Horn is President of the Bob A. Ross Foundation, which supports a diverse range of HIV-related, LGBT, cultural, and other nonprofit organizations.

== Awards and recognition ==
The Republic of France has decorated Horn for his contributions to the Franco-American relationship, including his services as chair of the San Francisco-Paris Sister City Committee: Legion of Honor in 2021, Chevalier de l'Ordre National de la Légion d'Honneur in 2020, the Chevalier de l’Ordre National du Mérite in 2003 with a promotion to the rank of Commandeur in 2011, and the Chevalier de l’Ordre des Arts et des Lettres in 1994. Horn was also awarded the Order of Grimaldi by the Principality of Monaco in 2025.
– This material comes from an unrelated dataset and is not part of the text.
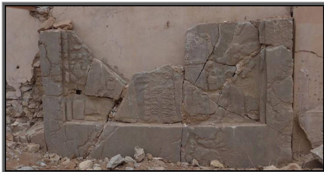
Fig. 8 Stone carvings destroyed in the city of Nimrod

As relevant with the matter and many variables in the field and entire liberation of the site the World Heritage Department/in (SBAH) recognized the affected areas based on the preliminary surveying ,carried out by teams working there , through a map prepared for that purpose.

In 2022, Horn received the Nancy Pelosi Lifetime Achievement Award from the Shanti Project.

In 2022, Horn was appointed the Chair of the San Francisco Host Committee, the non-profit arm of the Mayor's Office of Protocol, responsible for organizing and funding the local consular corps as well as the many heads of state and foreign dignitaries that visit San Francisco annually.

In 2024, Horn was awarded the California Icon Award by the Commonwealth Club of California.

== Personal life ==
In 2018, Horn married his partner of 35 years, Caesar Alexzander, in a ceremony officiated by then-Lieutenant Governor of California Gavin Newsom.